All revolutions require aesthetic means for representing changes in consciousness. The French Revolution saw itself as something new and universal, and generated a rich elaboration of aesthetic categories of the sublime (storms of nature, volcanoes, earthquakes), the beautiful (island of calm, meadow after a storm) and the grotesque (metamorphoses) as vehicles for thinking about social change and the future. Most revolutions since then have seen themselves in relation to predecessor revolutions, from which they borrow tactics, organizational forms, strategies, rhetoric, symbols and graphics.

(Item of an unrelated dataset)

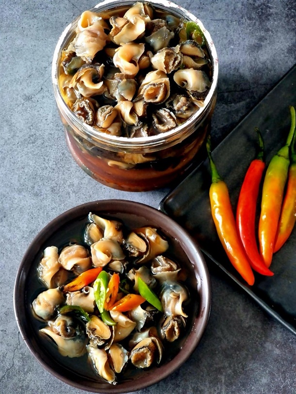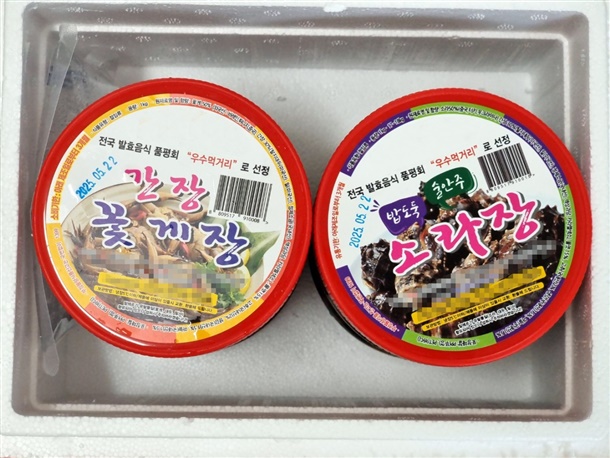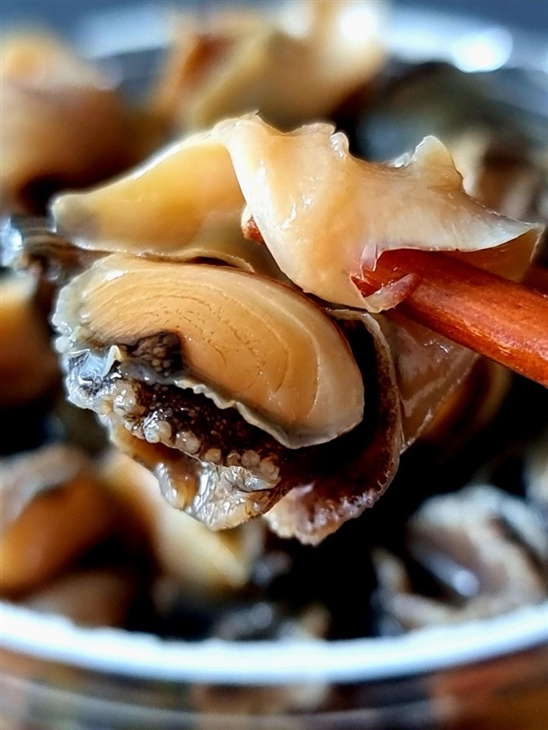 원재료명 및 함량 : 소라 50%(중국, 터키, 우크라이나), 간장 30%{탈지대두(미국산), 밀(미국산), 정제소금(국내산), 액상과당, 카라멜색소}, 물엿 15%, 고추(국내산)2%, 생강(국내산)1.5%, 마늘(국내산)1.5%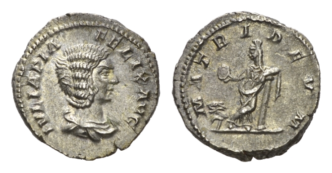 Julia Domna, wife of Septimius Severus Denarius, 211 - 217, AR 19mm., 3.43g. IVLIA PIA FELIX AVG Draped bust right. Rev. MATRI DEVM Cybele standing front, holding drum, resting left arm on column; at her feet left, lion. RIC Caracalla 383A. C. 138var. BMC Caracalla 14. Toned and extremely fine.

The “small media” of the Iranian revolution — jokes, songs, tapes, leaflets, graffiti, repartee, cartoons and posters — reveal important changes of consciousness and sociological positioning. Iran's revolutionary posters demonstrate a confluence, as William Hanaway has suggested, of world-historical and local Iranian traditions. There are those done in an international style that stems primarily from the Russian Revolution with contributions from the Cuban Revolution: simply done in red, white and black, expressing a single idea or event, depersonalized and symbolic in form, and humanistic in ideology (i.e. human beings are in control of their destiny). An abstract “constructivist” style example has a red arrow inscribed “revolution” moving from right to left (like the Arabic script) breaking a black block (a crown falling off its upper surface), and beginning to destroy a second block, inscribed “internal reactionaries”; a third block awaiting its turn is labeled “imperialism” and is capped with Uncle Sam’ hat; on the far side is a red sun, for victory.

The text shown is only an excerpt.